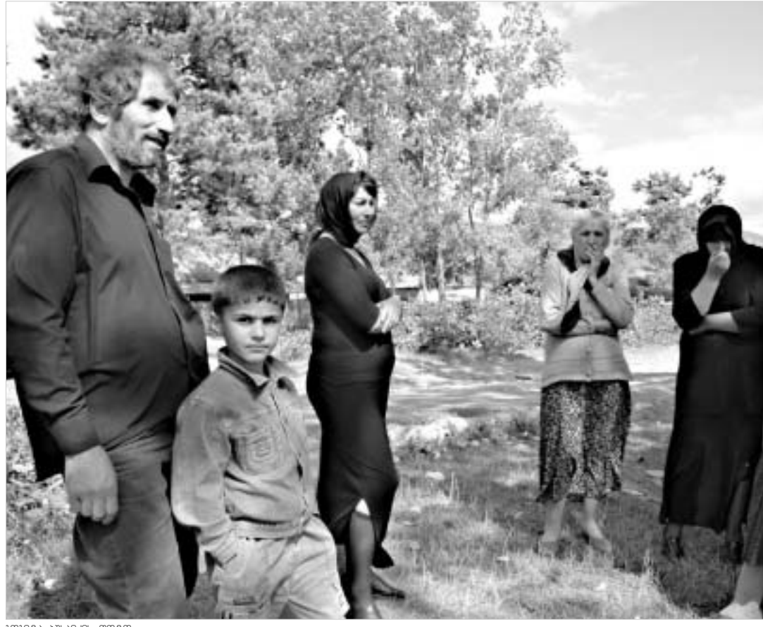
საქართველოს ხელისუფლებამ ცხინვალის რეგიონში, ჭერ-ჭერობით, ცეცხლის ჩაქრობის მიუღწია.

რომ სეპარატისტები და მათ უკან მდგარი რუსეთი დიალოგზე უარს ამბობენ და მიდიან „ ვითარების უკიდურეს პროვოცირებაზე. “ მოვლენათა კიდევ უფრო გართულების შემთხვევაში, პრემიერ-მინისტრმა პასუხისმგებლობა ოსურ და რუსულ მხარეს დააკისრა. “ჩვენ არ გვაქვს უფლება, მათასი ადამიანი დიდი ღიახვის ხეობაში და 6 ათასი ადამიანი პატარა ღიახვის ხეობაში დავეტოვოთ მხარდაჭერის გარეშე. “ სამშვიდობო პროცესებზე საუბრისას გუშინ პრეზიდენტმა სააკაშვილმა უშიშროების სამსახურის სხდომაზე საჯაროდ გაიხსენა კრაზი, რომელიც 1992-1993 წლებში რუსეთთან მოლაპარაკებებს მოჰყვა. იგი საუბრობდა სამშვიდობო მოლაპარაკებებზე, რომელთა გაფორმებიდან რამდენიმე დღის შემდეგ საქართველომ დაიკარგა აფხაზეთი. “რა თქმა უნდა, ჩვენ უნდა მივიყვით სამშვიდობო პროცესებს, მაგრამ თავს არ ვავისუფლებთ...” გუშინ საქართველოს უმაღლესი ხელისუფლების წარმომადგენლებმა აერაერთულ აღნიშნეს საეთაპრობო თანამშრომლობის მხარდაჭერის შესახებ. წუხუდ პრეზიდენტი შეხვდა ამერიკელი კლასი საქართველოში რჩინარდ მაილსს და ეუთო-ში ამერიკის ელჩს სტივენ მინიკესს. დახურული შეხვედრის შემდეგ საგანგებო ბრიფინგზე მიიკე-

━━━━━━━━━━

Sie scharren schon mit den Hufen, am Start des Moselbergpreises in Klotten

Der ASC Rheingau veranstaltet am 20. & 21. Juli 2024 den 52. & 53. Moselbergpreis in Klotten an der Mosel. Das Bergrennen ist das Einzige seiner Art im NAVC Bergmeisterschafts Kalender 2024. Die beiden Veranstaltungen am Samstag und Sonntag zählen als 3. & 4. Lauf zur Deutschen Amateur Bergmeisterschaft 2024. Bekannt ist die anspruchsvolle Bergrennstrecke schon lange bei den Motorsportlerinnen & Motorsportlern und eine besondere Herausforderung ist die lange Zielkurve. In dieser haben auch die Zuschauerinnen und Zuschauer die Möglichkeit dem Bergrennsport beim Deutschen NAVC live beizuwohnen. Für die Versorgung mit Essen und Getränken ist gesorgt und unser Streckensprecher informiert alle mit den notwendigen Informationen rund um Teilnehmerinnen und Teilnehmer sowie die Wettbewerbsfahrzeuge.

━━━━━━━━━━

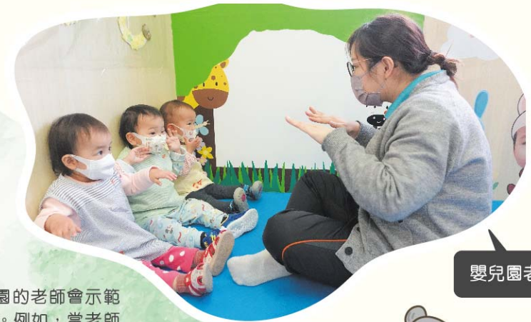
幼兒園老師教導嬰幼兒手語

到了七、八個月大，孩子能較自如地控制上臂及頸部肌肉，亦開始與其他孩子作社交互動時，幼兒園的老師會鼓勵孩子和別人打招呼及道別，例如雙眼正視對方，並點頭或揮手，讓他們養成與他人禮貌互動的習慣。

━━━━━━━━━━

After locating the line holding "幼兒園老師教導嬰幼兒手語" above, output exactly that line and every line after it through the line holding "到了七、八個月大，孩子能較自". Include nothing else.

## ANSWER
幼兒園老師教導嬰幼兒手語

到了七、八個月大，孩子能較自如地控制上臂及頸部肌肉，亦開始與其他孩子作社交互動時，幼兒園的老師會鼓勵孩子和別人打招呼及道別，例如雙眼正視對方，並點頭或揮手，讓他們養成與他人禮貌互動的習慣。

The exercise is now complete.